BF/DH and BM discussing my paretning skills .... am i wrong to feel irritated?
Background: boyfriend's daughter (almost 10 yrs.old) spent a month out at our house this summer. she also comes out for spring break and sometimes xmas. Now that she has gone back to mom's everyone is sorting out how the visit this summer went and so forth. This was pretty much the first that FSD saw my BF and i reinforce any real rules/ chores..(most other visits were too short to give her chores to do, etc.) Of ocurse its going to take FSD a while to get used to her father not being disney land dad anymore and that she has to help out and do things for herself. Also, her mom has been having trouble with her attitude in the past year.... So, BM and BF are constantly emailing/messenging back and forth about what the latest argument was with FSD.
So, BF was telling me how him and BM were talking about how "i (myself, FSM) dont' have kids of my own so i am not used to parenting and this is all new to me" .
(keep in mind that i watch children as a second job, have been a nanny in college and practically was a second mother to my brothers growing up. obviously that is not the same as having a child of your own to take care of 24-7... but i think i have a little more expereince with kids than the average working girl).
I was happy to hear they weren't completely putting down my parenting skills and style..... but honestly.. a little defensive... as most people get when criticized (even if its constructive).
here are some exmaples of situations that occurred when the kid was out:
- we (BF and I) agreed upon certain chores for her to do. When she got here and we went over them with her, she said she "didn't want to take the garbage out cuz its gross". (Of course its gross , its garbage but someone has to do it!). i don't think we would ask her to do something that is too much for her age. And, my BF agreed (in front of her without discussing it with me alone first) that HE would do that chore for her, errrrr!
-Then as the summer progressed... she wouldn't do some chores.. and i would come home and ask her to do it , then Dad would make an excuse for her.
-Another example was when I asked her to help out with dinner one night (another one of her daily chores), she made up some story about how her dad won't let her use a knife, so she couldn't to cut up veggies for dinner...
i ask him, and he states that he never said that, basically she manipulated me into letting her not help with dinner.

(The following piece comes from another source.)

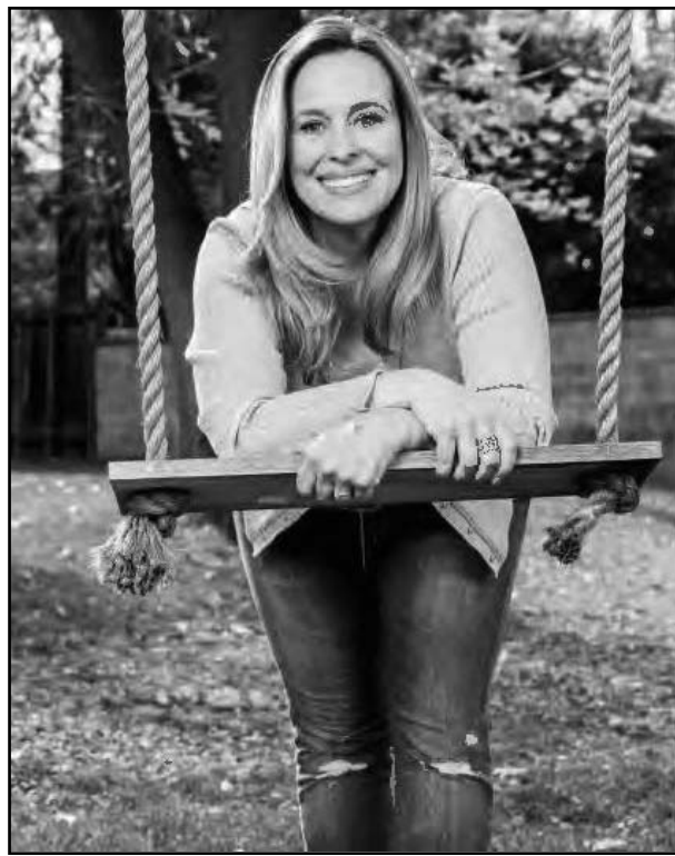
Genie Francis, soap star and Nutrisystem ambassador.

• Take a Small Scoop of Coleslaw: Even if it's made with high-fat mayonnaise, one serving (around three ounces) is only about 172 calories and has two grams of fiber (thank you cabbage!), according to the U.S. Department of Agriculture. Better yet, make your own and bring it with you -- just swap in low-calorie mayo for the regular variety or do a

Now i ask you..... what about my parenting skills is off? following thru on chores that we all agreed FSD would do?
nicely asking FSD to pick up after herself or help out with dinner? i don't understand.
And i ask BF this question... and he has no answer, says that " i have to find a way of communicating with FSD that works for both of us". ummm ok?

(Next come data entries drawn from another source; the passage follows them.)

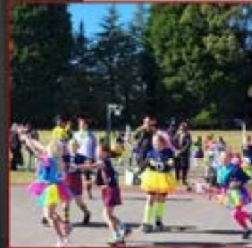
Teams supporting our annual fluoro fun day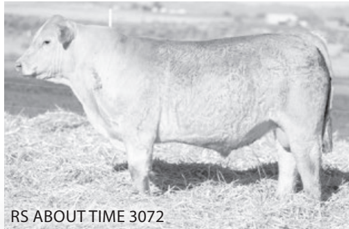
RS ABOUT TIME 3072

REG: M1004780 DOB: 7/21/23 (OW ABOUT TIME 9502 PLD ET x HC RIMROCK 4247)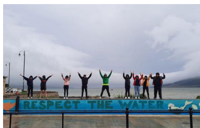
Participants on the Summer Splash Programme.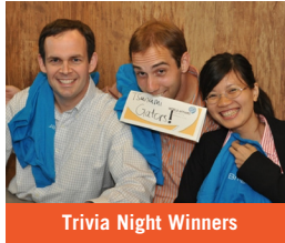
Trivia Night Winners

Off to a fresh start and new venue at Hightide Burrito Co. , the Young Professionals gathered on June 13 to revive their fun and competitive YP Trivia Nights . Throughout the evening, team spirit developed quickly and competitors were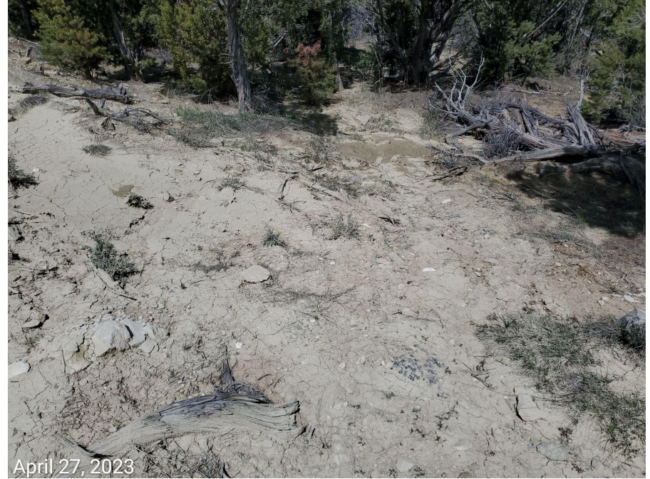
Photo 13: See comments under photo 11. Photo right shows sediment discharge/deposition from the access road.

Part of me feels that BF and BM are using me as some excuse ("oh she's not used to FSM yet") for when their kid acts bratty or lazy instead of using soem tough luv and making her get off her booty and help out.
Sometimes when i talk to BF about this he understands and doesnt' get defenisve. But alot of the time he thinks i am ragging on his kid and that i don't like her or something. which is NOT true.
All i am trying to do is help her grow up with manners, kindness and independance...
And what scares me is what if we have a kdi someday......i sure as hell don't want my kid growing up not abel to do anything for themselves or not having any manners...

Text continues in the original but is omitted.